▸ REQUIREMENT: Starting at the line below that contains "07.33 Нефтебазу в Белгороде" and ending at the line that contains "Bibliothèque Dabardonad, Etagère", retype each line exactly as it stands, but omit the pictures.
──────── EXERCISE MATERIAL ────────
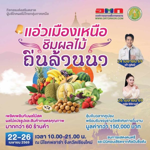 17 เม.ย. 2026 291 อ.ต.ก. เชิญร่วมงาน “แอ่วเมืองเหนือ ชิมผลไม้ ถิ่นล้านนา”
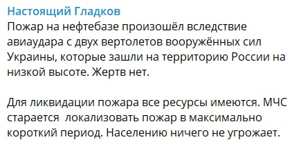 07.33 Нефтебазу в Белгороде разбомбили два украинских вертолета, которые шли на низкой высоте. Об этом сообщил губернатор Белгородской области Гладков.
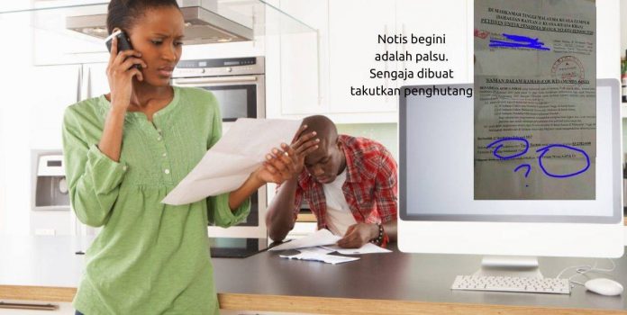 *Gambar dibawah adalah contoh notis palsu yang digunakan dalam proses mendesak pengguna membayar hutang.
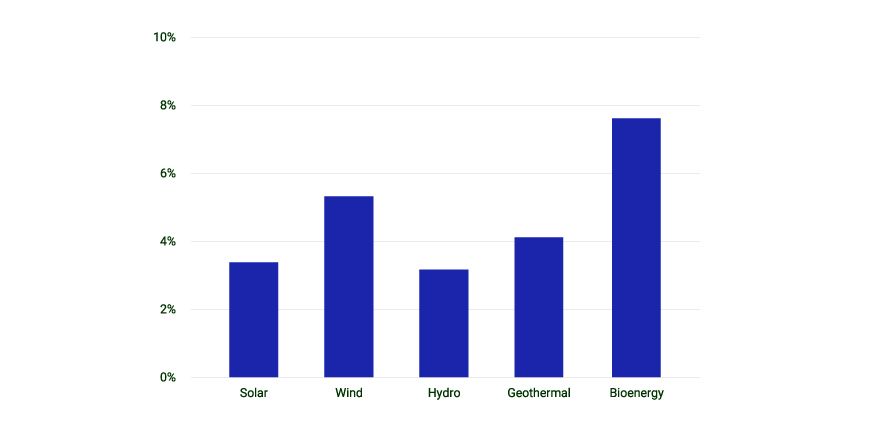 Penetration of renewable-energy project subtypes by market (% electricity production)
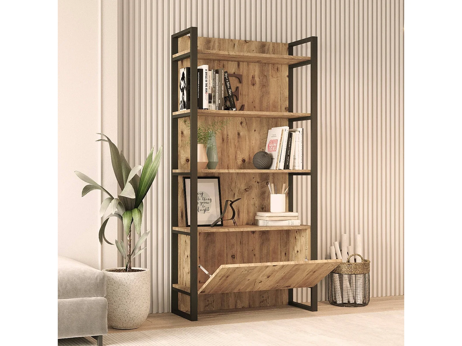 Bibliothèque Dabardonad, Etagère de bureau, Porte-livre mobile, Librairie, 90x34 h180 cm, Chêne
────────
──────── EXERCISE MATERIAL ────────
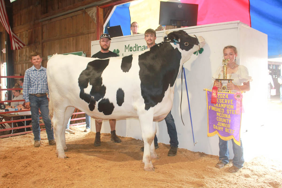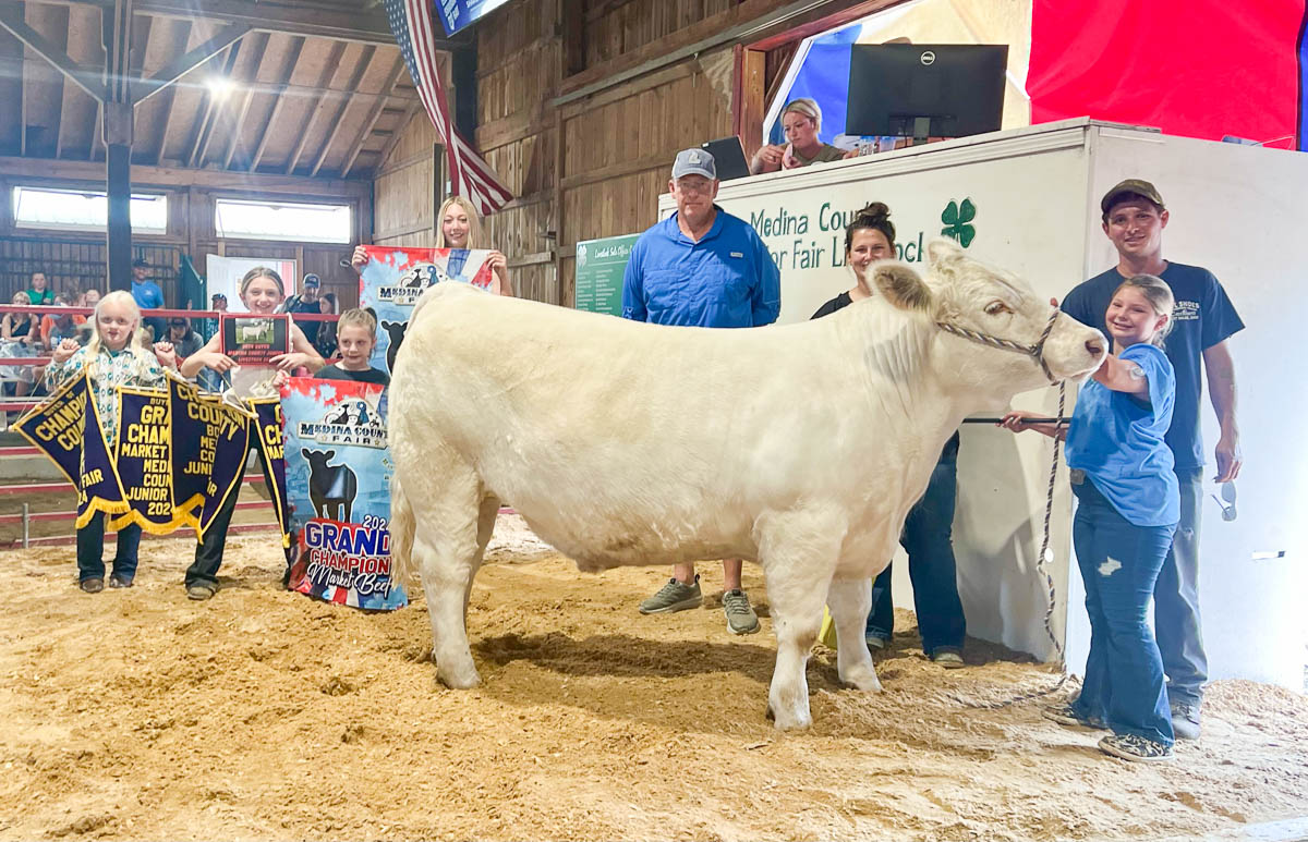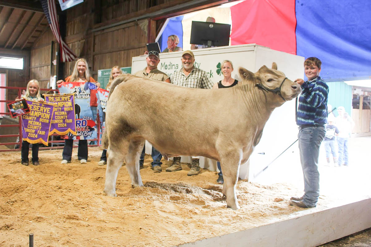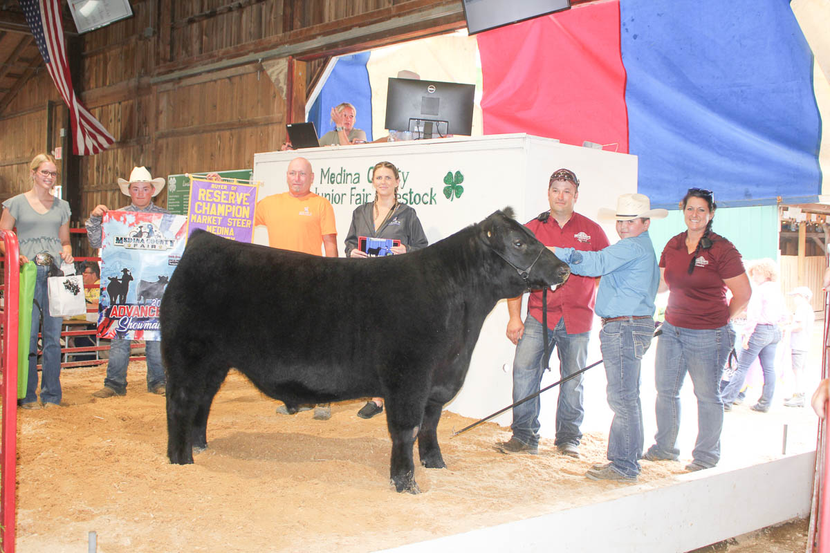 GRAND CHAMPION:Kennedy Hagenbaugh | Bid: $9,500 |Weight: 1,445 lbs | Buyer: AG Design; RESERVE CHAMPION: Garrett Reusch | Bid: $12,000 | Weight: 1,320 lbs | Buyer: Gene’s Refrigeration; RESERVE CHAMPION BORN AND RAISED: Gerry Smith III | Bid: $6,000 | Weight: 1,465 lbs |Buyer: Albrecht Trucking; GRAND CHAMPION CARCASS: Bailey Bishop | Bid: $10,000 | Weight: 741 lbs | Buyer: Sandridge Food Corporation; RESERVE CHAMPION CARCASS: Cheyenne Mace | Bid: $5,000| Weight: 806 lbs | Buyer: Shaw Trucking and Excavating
────────
──────── EXERCISE MATERIAL ────────
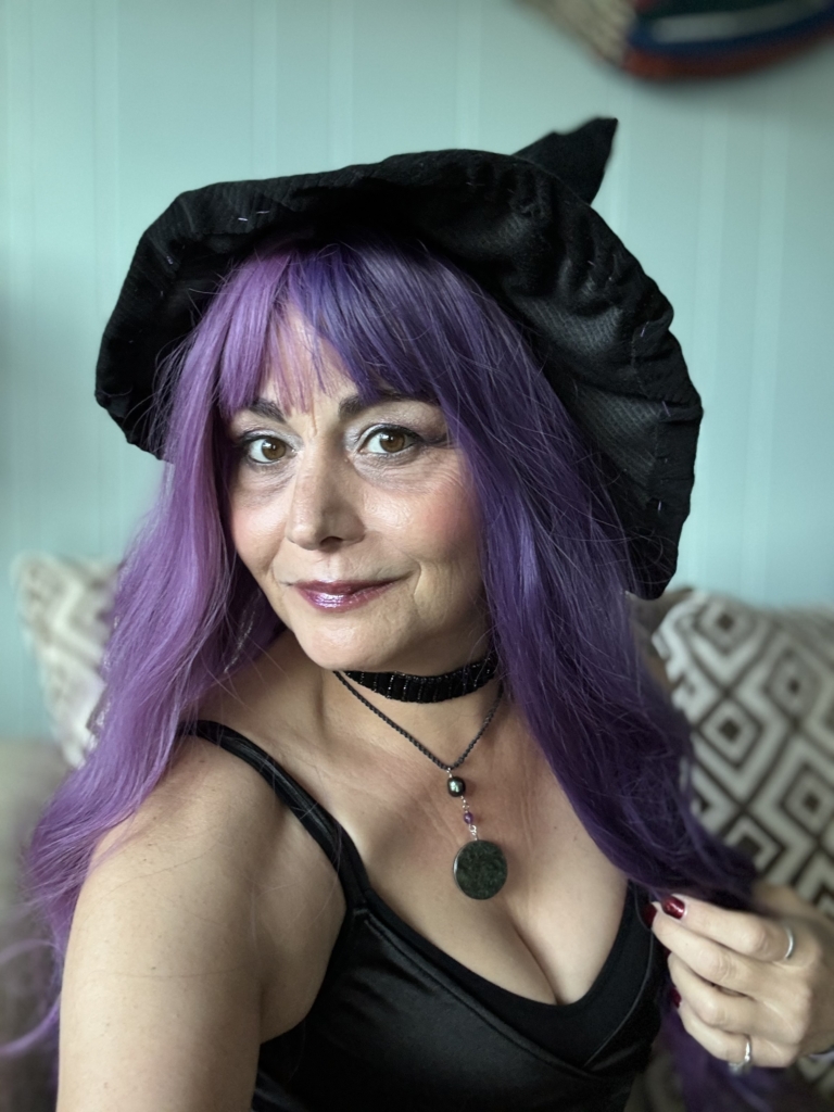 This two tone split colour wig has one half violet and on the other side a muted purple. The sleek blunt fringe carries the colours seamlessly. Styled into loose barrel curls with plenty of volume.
────────
▸ SOLUTION TO THIS TASK:
 07.33 Нефтебазу в Белгороде разбомбили два украинских вертолета, которые шли на низкой высоте. Об этом сообщил губернатор Белгородской области Гладков.
 *Gambar dibawah adalah contoh notis palsu yang digunakan dalam proses mendesak pengguna membayar hutang.
 Penetration of renewable-energy project subtypes by market (% electricity production)
 Bibliothèque Dabardonad, Etagère de bureau, Porte-livre mobile, Librairie, 90x34 h180 cm, Chêne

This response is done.